Cyber-attaques par déni de service : la France aussi en a été victime
La vaste cyber-attaque dont font actuellement l’objet les Etats-Unis et la Corée du Sud le rappelle : les Etats deviennent de plus en plus des cibles de choix à mesure que s’y étend l’informatisation de la vie publique. Une problématique que souligne Patrick Pailloux, directeur de la toute nouvelle Agence nationale de la sécurité des systèmes d’information (Anssi). Et de révéler qu’une administration française a récemment été la cible d’une attaque du même type, à savoir un déni de service distribué.

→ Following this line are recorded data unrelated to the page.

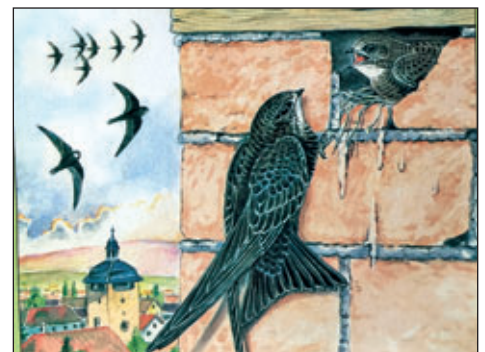
Mauersegler am Brutplatz Originalzeichnung: Friedhelm Weick

Der Mauersegler bevorzugt hochgelegene Brutmöglichkeiten, um mit seinen sichelförmigen Flügeln genug Auftrieb zu garantieren. Deshalb ist es ratsam, einen auf dem Boden gefundenen Segler aufzunehmen und hoch in die Luft zu werfen, um ihm „Starthilfe“ zu geben. Er kann weder laufen noch hüpfen. Seine Füße sind für das Festhalten an senkrechten Wänden ausgebildet, weshalb auch die vierte Zehe nach vorn gerichtet ist. Einfarbig schwarz mit einer weißlichen Kehle und den sichelförmigen Flügeln jagen Mauersegler rasant mit einem schrillen srie durch die Luft und sind dadurch von Schwalben zu unterscheiden. Mit wenigen Ausnahmen sind sie ihr Leben lang ständig in der Luft. Selbst die Kopulation und das Schlafen findet in größeren Höhen statt.
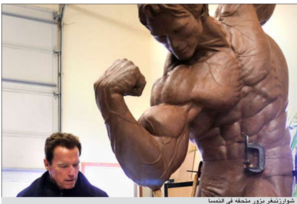
شوارزنيغر يزور متحفه في النمسا

فيينا - د.ب.أ: زار أرنولد شوارزنيغر، الممثل وحاكم ولاية كاليفورنيا السابق، قبر والدته في فين قرب غراتس بالنمسا وذلك قبل ساعات من موعد افتتاح المتحف الذي أنشئ تكريما له امس. وذكرت وكالة انباء «ايه.بي.ايه» النمساوية أن شوارزنيغر زار معالم مسقط رأسه وبصحبة ابنه باتريك يوم الخميس الماضي، وكان محاطا بالمعجبين
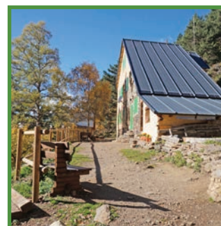
Refugi de Vallferrera
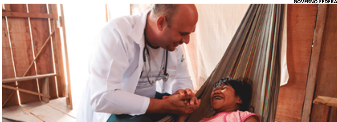
O tratamento de doenças crônicas e ações voltadas à atenção primária, são objetivos dessa área da medicina

Para avaliar os trabalhos realizados em 2023 e traçar estratégias de planejamento para 2024, a entidade promove um encontro dos profissionais que atuam na área, agendado para esta terça-feira, 5, data em que é comemorado o Dia Nacional do Médico de Famí-
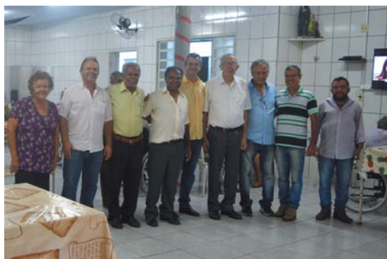
Asilo São Vicente de Paulo
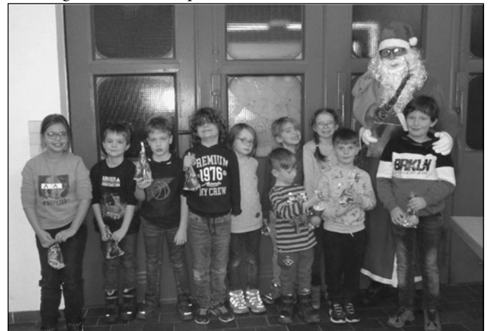
Besuch des Nikolauses
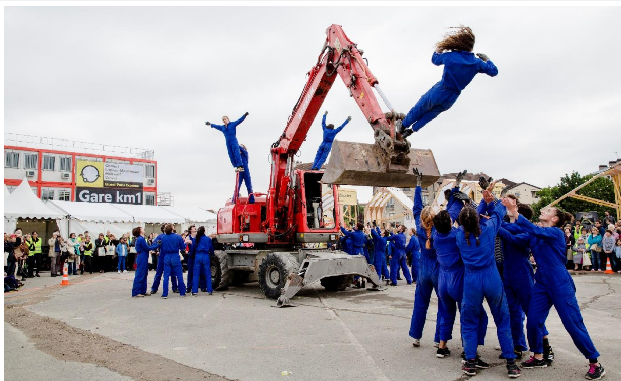
KM1 à Fort d'Issy Vanves Clamart – Lancement du premier chantier

La cérémonie d'inauguration des deux tunneliers en présence des élus débutera à 18h30.
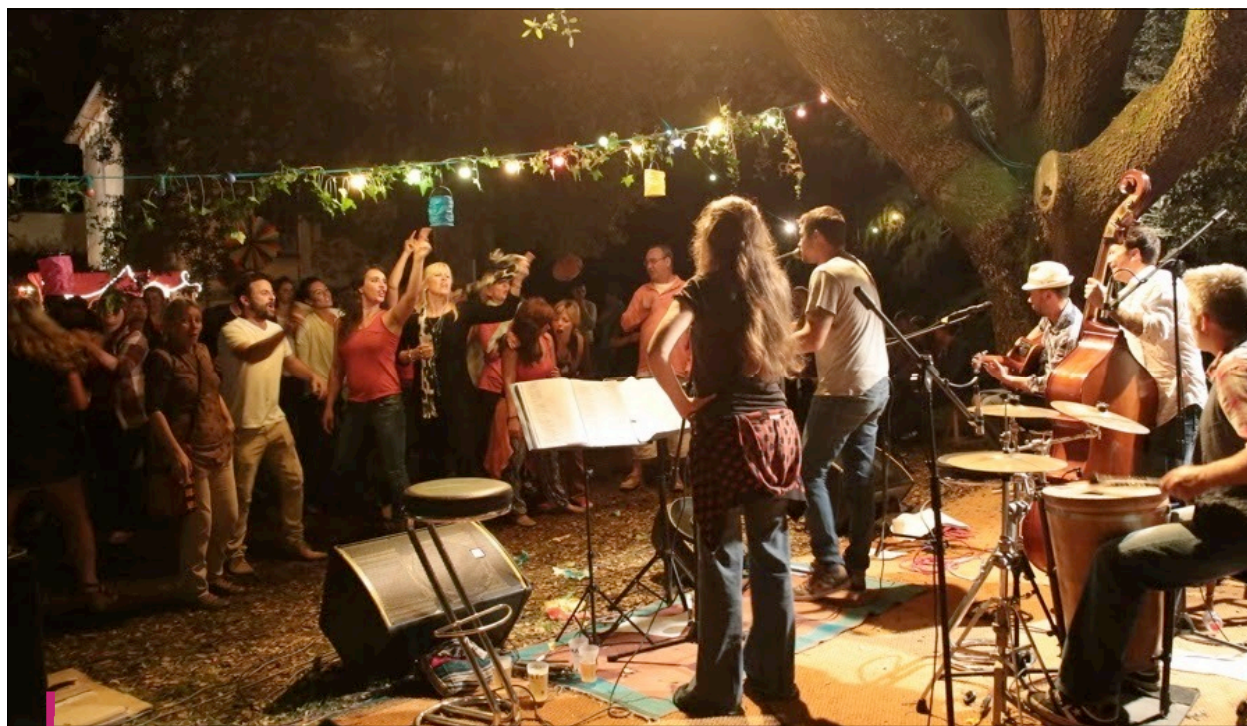
Le concert Barie Olé 2015 avait réuni plus de 300 spectateurs sous le chêne vert entre église et mairie.

L es BariOlés ne sont décidément pas vernis avec la météo. La plupart des rendez-vous qu'ils ont organisés depuis leur création il y a deux ans ont peu ou prou été menacés par la pluie. En avril dernier, leur festival des Epouvantails s'est fort bien déroulé, mais dans la grisaille entre deux jours de plein soleil. Pour leur concert du 10 juin, ce fut pire ! D'abord avec la chute d'une énorme branche du chêne vert sous lequel était prévue la fête, ce qui les a obligés à prévoir un transfert sur la place de l'église, puis avec une météo tellement menaçante qu'ils ont finalement annulé, la mort dans l'âme. Histoire de conjurer le sort, l'association a décidé de ne pas attendre juin prochain pour reprogrammer ce concert qui s'annonçait très prometteur. Ils donnent donc rendez-vous au public sud-girondin - et au-delà - le samedi 17 septembre prochain. Toujours avec deux groupes à l'af-
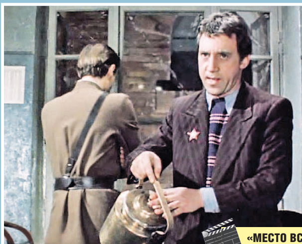
«МЕСТО ВСТРЕЧИ ИЗМЕНИТЬ НЕЛЬЗЯ»

Судя по откликам в соцсетях, такой способ отпраздновать дату понравился всем, а фото вышли достаточно похожими на оригинал. Некоторые омики даже оставили заказы полицейским на следующий год. Они считают, что идею стоит повторить и в следующий раз воссоздать сцены из таких сериалов, как «Глухарь» и «Улицы разбитых фонарей». Видимо, и эти фильмы некоторые уже тоже считают классикой.
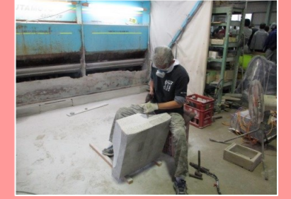
加工工場にて(むしり仕上げ) この工場での加工内容は、ほぼ当社が行っているものと同じでした。当社の加工技術の高さを実感しました。

翌日は稲田石の丁場・工場の見学でした。ジェットバーナー・火薬・ワイヤーソーという採石工法の違いなどを学んだ他、石割の体験もしました。また ビシヤン仕上げなどの石工職人による手加工の実演も見学しました。
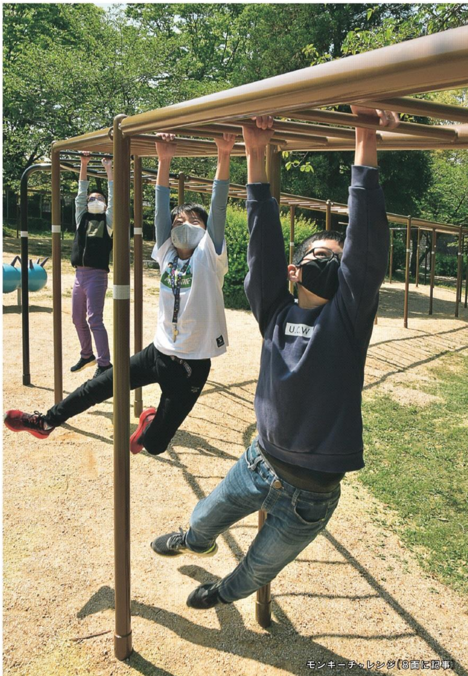
モンキーチャレンジ(8面に記事)

C’était au premier trimestre 2009 : « la France a été la cible d’une cyber-attaque similaire à celle que les Etats-Unis ou la Corée du Sud ont vécue, » expliquait ce jeudi soir, sur France 3, Patrick Pailloux, directeur de l’Agence Nationale de la Sécurité des Systèmes d’Information (Anssi), qui précise que « c’est une administration française qui a été visée ; le site Internet de cette administration et sa messagerie ont été bloqués pendant quelques heures, le temps que l’on mette en place des mesures de contournement. » Joint par téléphone, Patrick Pailloux (en photo ci-contre) indique qu’il s’agissait d’une attaque par déni de service distribué (DDoS, Distributed Denial of Service) impliquant un botnet [un réseau de machines zombies, NDLR] d’environ 7 000 ordinateurs. Dont certains en France. « Nous avons isolé le trafic international pour soulager les serveurs et rétablir le service en France », explique aujourd'hui le directeur de l’Anssi, à l'époque à la tête de la DCSSI (le service auquel succède l'Anssi).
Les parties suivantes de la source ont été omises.